Mitigating Cross-Image Information Leakage in Multi-Image Understanding with Large Vision-Language Models
Researchers introduce FOCUS, a training-free method that improves Large Vision-Language Models' ability to process multiple images by masking irrelevant images with noise, preventing visual information from different images from becoming entangled in the model's representations.
Large Vision-Language Models demonstrate strong capabilities on individual image tasks but suffer significant performance degradation when processing multiple images simultaneously. Researchers have identified a previously poorly understood phenomenon called cross-image information leakage, where visual elements from different images become entangled in the model's internal representations, leading to confused outputs and reduced accuracy. This discovery addresses a critical limitation that has constrained practical applications of LVLMs in multi-modal scenarios.
The FOCUS method represents an elegant solution to this problem without requiring model retraining or architectural changes. By masking all but one image with random noise during inference, the approach forces the model to concentrate on individual images sequentially. The logits generated from each masked context are then aggregated and refined using a noise-only reference input that suppresses leakage artifacts. This technique demonstrates consistent improvements across diverse multi-image benchmarks and extends to video understanding, suggesting broad applicability to temporal visual data.
For the AI development community, this work has significant implications. The method's training-free nature means it can be immediately applied to existing deployed models without computational overhead or architectural modification, reducing implementation barriers.
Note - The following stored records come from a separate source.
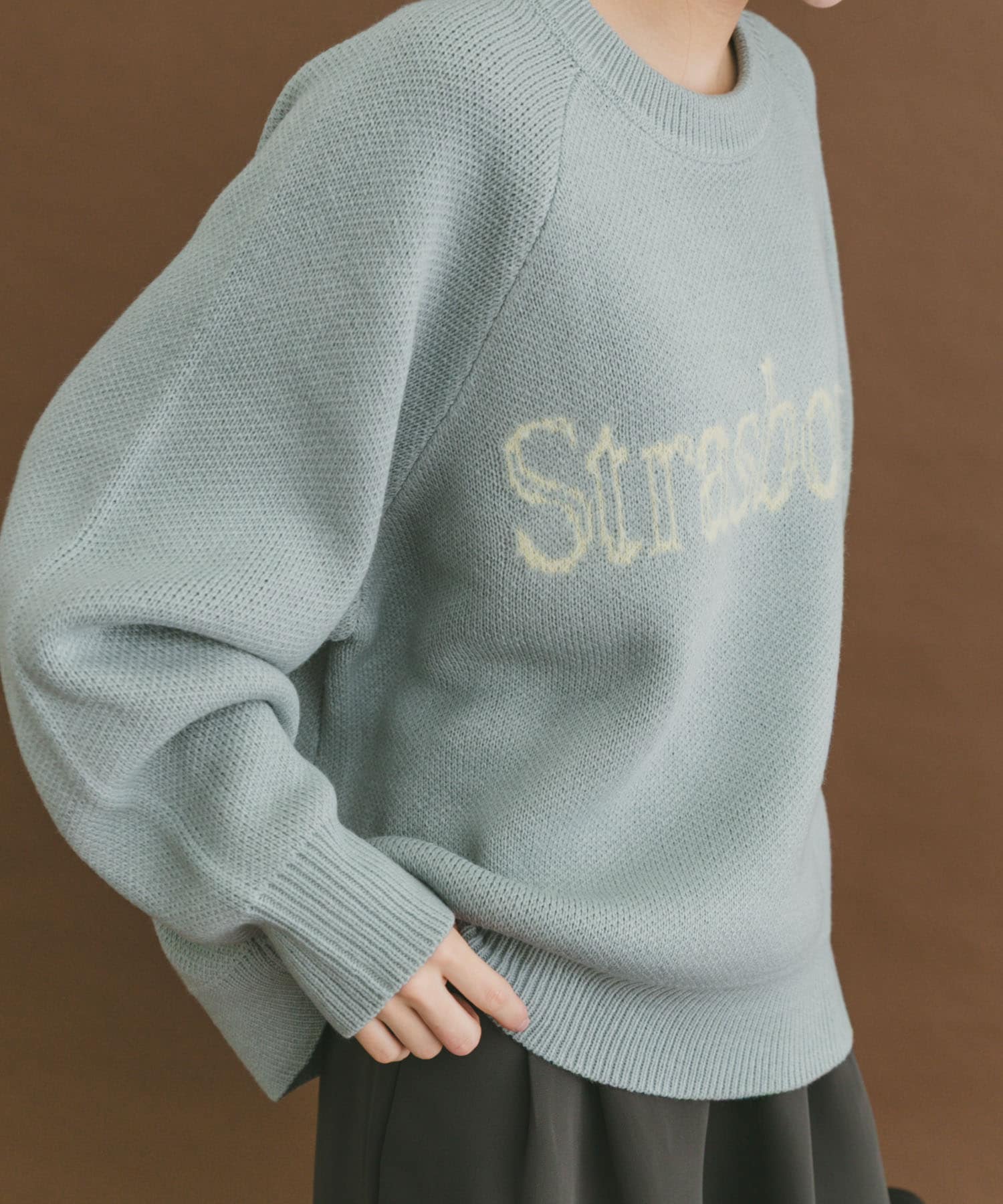 トップスのロゴニットはゆったりとしたロング丈で腰回りをカバーできるのでオススメです❗️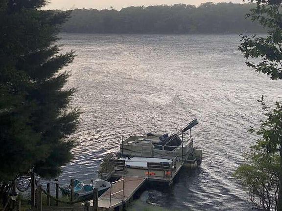 Discover serenity in the Wild Acres community, Dingmans Ferry, PA, by an 81-acre lake. This 4-bedroom, 3.5-bath haven blends luxury & comfort. The primary bedroom boasts an ensuite & a roomy walk-in closet. Enjoy open-concept living, with a kitchen, dining area, & living room flowing into a spacious family room, offering panoramic lake views through expansive windows. Abundant storage, ceiling fans, & central air ensure year-round comfort. A pellet stove sets the mood for cozy evenings. Step onto the deck, complete with a covered area. The kitchen is equipped with stainless steel appliances & a wine refrigerator. This property is fully furnished with high-quality pieces. It includes a dock, a pedal boat, & 16' pontoon boat w/electric motor. Pre-qualified only. Proof required. Cash offers, Beds Description: Primary1st, Baths: 1 Bath Level L, Baths: 1/2 Bath Lev 1, Baths: 2 Bath Lev 2, Beds Description: 2+BED 2nd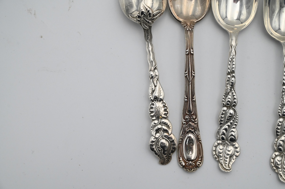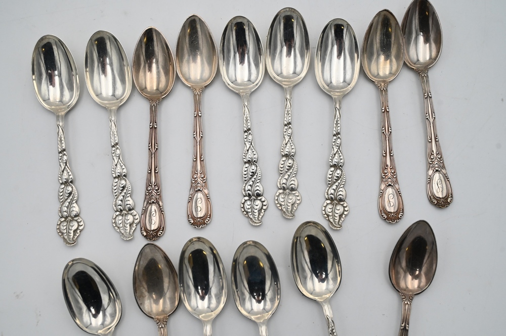 Lot 265: 15 Piece Lot, to include 9 sterling silver Tiffany & Company teaspoons, 9.77 t.oz, along with 6 Tiffany silver plate teaspoons.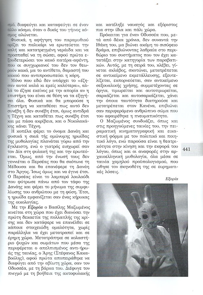 Δεν είναι η πρώτη φορά που ο σκηνοθέτης Βασίλης Μαζωμένος καταπιάνεται με την κρίση που μαστίζει την Ελλάδα τα τελευταία δέκα σχεδόν χρόνια. Πιο πρόσφατο παράδειγμα η προηγούμενη, αλληγορική ταινία του «Γραμμές», όπου μέσα από διάφορες ιστορίες παρακολουθούσαμε τον αντίκτυπο της κρίσης στα διάφορα στρώματα του λαού. Στη νέα του ταινία, «Εξορία», ο Μαζωμένος παίρνει για ήρωα έναν απλό Έλληνα, που, στα πρώτα πλάνα της ταινίας, τον βλέπουμε να προσπαθεί με μια βάρκα να “δραπετεύσει” από την Ελλάδα της κρίσης. Έναν Έλληνα, που ο ίδιος ο Μαζωμένος θεωρεί σύγχρονο Οδυσσέα, που ξεκινά με το μικροσκοπικό σκάφος για ένα ταξίδι προς τα πού; Για ποια Ιθάκη;Η θάλασσα στην τέχνη εκφράζει συνήθως την ελευθερία μόνο που ακόμη και σ` αυτήν, ο ανώνυμος ήρωάς του Μαζωμένου (δεν έχει ούτε όνομα, ούτε χαρτιά, είναι απλά ο “Κανένας” όπως μαθαίνουμε στη συνέχεια) μοιάζει παγιδευμένος. Θα συρθεί μισόγυμνος και μισοπεθαμένος πίσω στην Ελλάδα όπου θα μπλέξει σε διάφορες περιπέτειες. “Κανείς δεν μένει σ` αυτό τον κωλότοπο”, είναι το σχόλιο ενός μέλους από το σώμα της ακτοφυλακής που τον περισυλλέγουν.Στο πρώτο επεισόδιο, όταν, ντυμένος με μια κελεμπία που βρίσκει σ` ένα μισοερειπωμένο σπίτι κοντά στη θάλασσα, διεισδύει σ` ένα μουσουλμανικό μίνι-μάρκετ, και στην προσπάθειά του να κλέψει κάτι για να φάει, συλλαμβάνεται από την αστυνομία, ο Μαζωμένος χρησιμοποιεί ένα απλό στιλ, με ωραίες, διανθισμένες με ποίηση, εικόνες. Αντίθετα, στο επόμενο, με τους δυο αστυνομικούς που τον ανακρίνουν (ο ένας σε ανάπηρο καροτσάκι και ο άλλος με σορτσάκι και ρακέτα του τένις) και τον αναγκάζουν να γδυθεί και να ακούει τις διάφορες βρισιές τους ενάντια στους μουσουλμάνους (“πώς τόλμησες να κλέψεις από αυτά τα ζώα;” τον ρωτάνε οργισμένοι), στο νου έρχεται τόσο το παράλογο χιούμορ των θεατρικών έργων του Χάρολντ Πίντερ όσο κι εκείνο στις ταινίες του Ρόι Άντερσον.Το επεισόδιο διακόπτεται με την εμφάνιση της Μις Άντζελα, μιας κομψής Γερμανίδας με όνομά που θυμίζει εκείνο της Μέρκελ, που ως από μηχανής θεός (μια πονηρή Καλυψώ;) τον χρησιμοποιεί για να ικανοποιεί τις σεξουαλικές τις επιθυμίες. Ο Κύκλωπας έρχεται στο νου όταν, με το κολιέ που αποσπά από την Άντζελα, ο Κανένας επισκέπτεται έναν ενεχυροδανειστή, που θέλει να τον κάνει υπηρέτη του και που ο ήρωάς μας (αντι-ήρωας στην πραγματικότητα), για να απελευθερωθεί, αναγκάζεται τελικά να τον σκοτώσει. Ενώ, σ` ένα θέατρο, όπου κυριαρχεί ένα φελινικό ντεκόρ, αιχμάλωτος τώρα των σειρήνων, ο Κανένας, που έχει πάρει τη θέση του ενεχυροδανειστή, γίνεται ο αποκλειστικός θεατής μιας αναπαράστασης ευφάνταστων ερωτικών σκηνών, πριν αποφασίσει ποια θα επιλέξει. Η τιμωρία του, όταν προσπαθεί να δραπετεύσει, είναι να αντιμετωπίσει για αντίπαλο, σ` ένα αγώνα πάλης μέχρι θανάτου, τον άντρα με τον οποίο σχεδίαζε να δραπετεύσει.Εκείνο που επιδιώκει, και τελικά καταφέρνει, ο Μαζωμένος είναι, μέσα από τα επεισόδια αυτά, να παρουσιάσει τους διάφορους τρόπους εκμετάλλευσης, ταπείνωσης και εξευτελισμού του νεοέλληνα, εξόριστου, όπως υποβάλλει και ο τίτλος της ταινίας, στην ίδια του τη χώρα, την Ελλάδα της κρίσης. Εξόριστου σε μια χώρα όπου τα ελληνικά έχουν καταντήσει μια δεύτερη γλώσσα, με τους άλλους γύρω του (εκτός από μερικές εξαιρέσεις) να μιλάνε αγγλικά. Ενός εξόριστου μπλεγμένου σε μια σειρά επεισόδια που μοιάζουν με εφιάλτη, που πολύ έξυπνα ο σκηνοθέ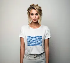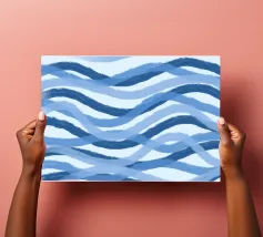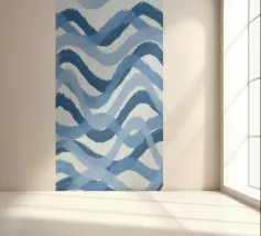 An abstract and calming art print featuring a pattern of undulating waves in various shades of blue. The layered brushstrokes create a sense of movement and depth, reminiscent of the ebb and flow of ocean currents. The soft, textured lines and harmonious color palette make this a serene and modern piece, perfect for adding a tranquil touch to a living room, bedroom, or bathroom. This high-quality digital download (7000x5000 pixels, 300 dpi) ensures every detail and subtle color variation is captured with precision.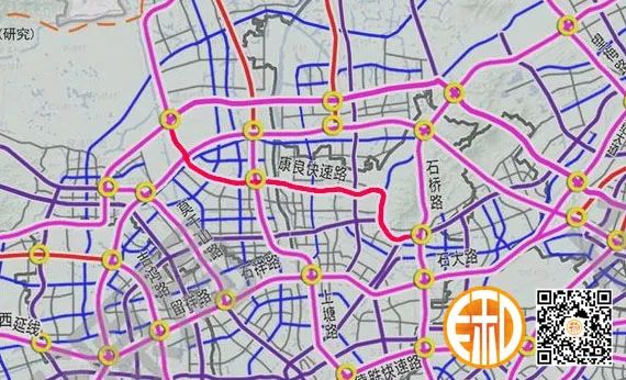▲康良路与上塘高架节点(南北为上塘高架、东西为康良路)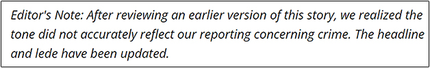 “After reviewing an earlier version of this story, we realized the tone did not accurately reflect our reporting concerning crime,” the outlet said in a note visible as of Thursday. “The headline and lede have been updated.”
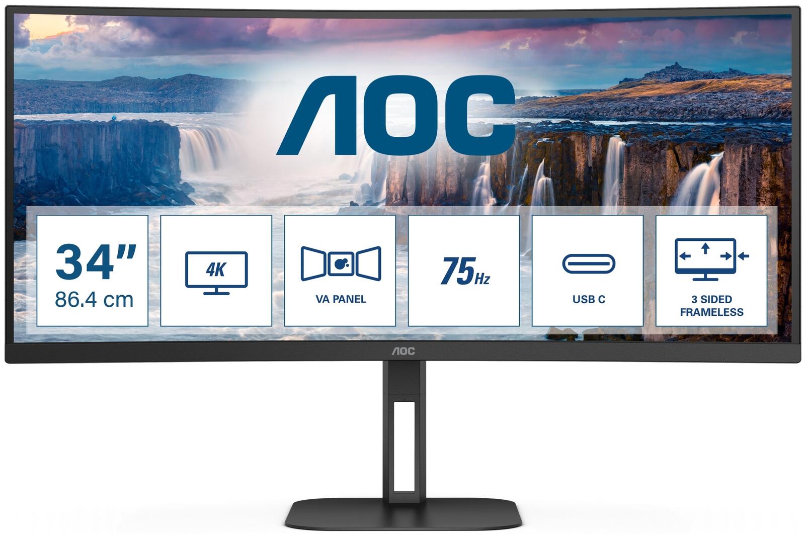 AOC CU34V5C/BK Curved Monitor 86,4 cm (34 Zoll) UWQHD, VA, 4ms, 100Hz, HDMI, DisplayPort, USB-C, USB-A, FreeSync
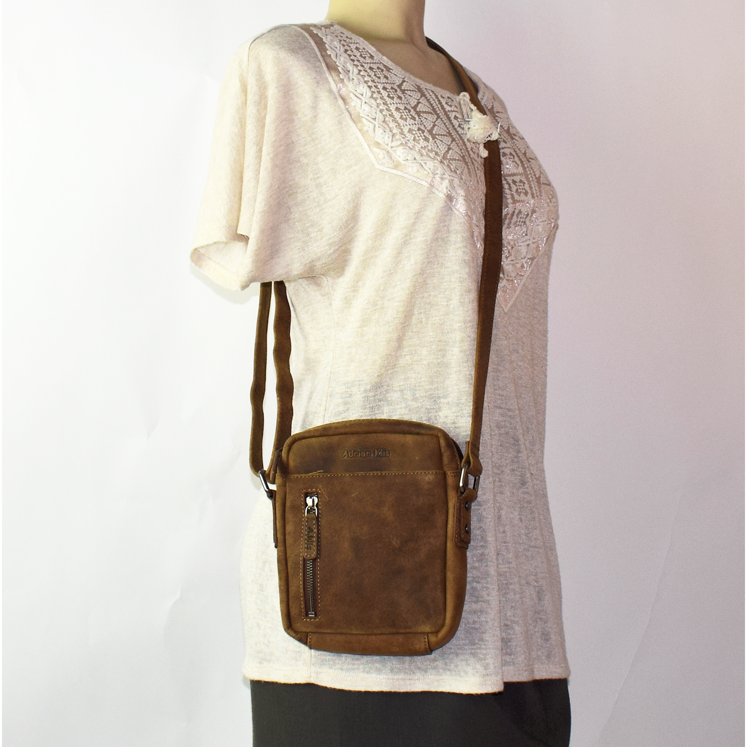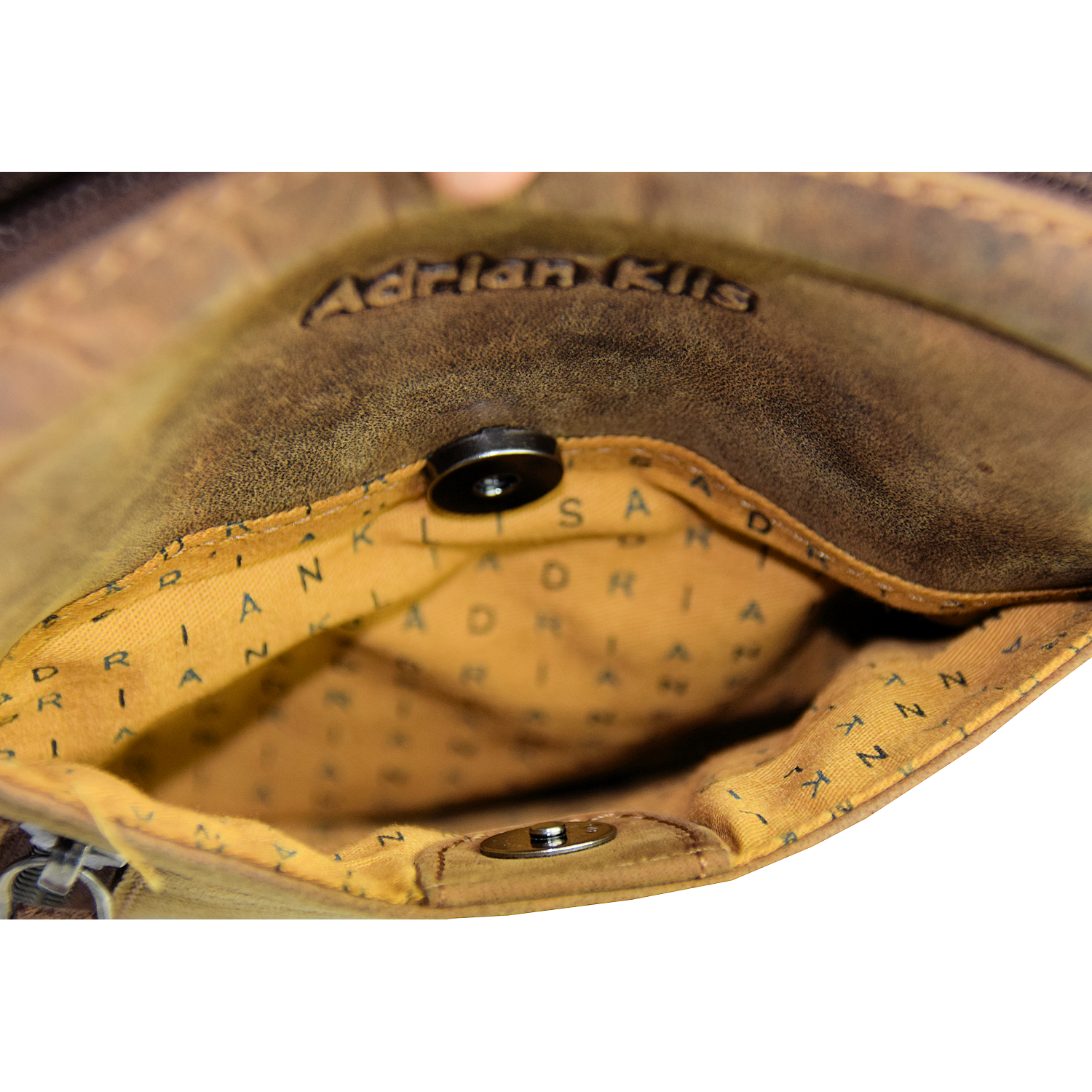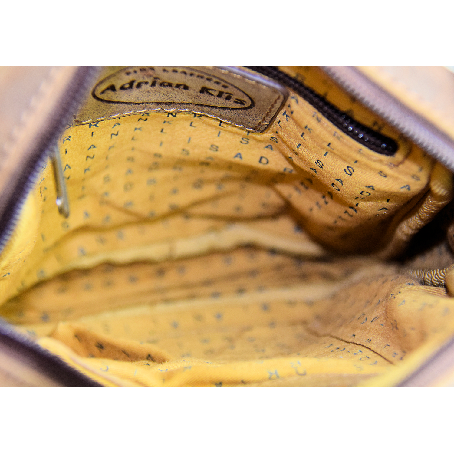 Adjustable shoulder strap, bag closed with zipper Front: 1 pocket closed with zipper, 1 pocket closed with snap Inside: 1 pocket closed with zipper Back: 1 pocket closed with zipper |

The ability to handle multi-image inputs more effectively opens pathways for improved visual reasoning systems with applications in document analysis, comparative image understanding, and sequential visual reasoning tasks.
Looking forward, researchers should investigate whether FOCUS principles apply to other multi-modal challenges and whether the method's effectiveness scales to models handling increasingly complex visual scenarios. Understanding whether similar leakage occurs in other architectural designs and exploring more sophisticated aggregation strategies could further enhance performance.
- βCross-image information leakage causes Large Vision-Language Models to confuse visual elements across multiple inputs, degrading multi-image understanding performance.
- βFOCUS uses masking and noise-based refinement to isolate individual images during inference without requiring model retraining or architecture changes.
- βThe method consistently improves performance on multi-image benchmarks and generalizes to video understanding tasks.
- βTraining-free solutions enable immediate deployment on existing models across various applications without computational overhead.
- βThe technique reveals fundamental limitations in how current LVLMs process sequential or parallel visual inputs.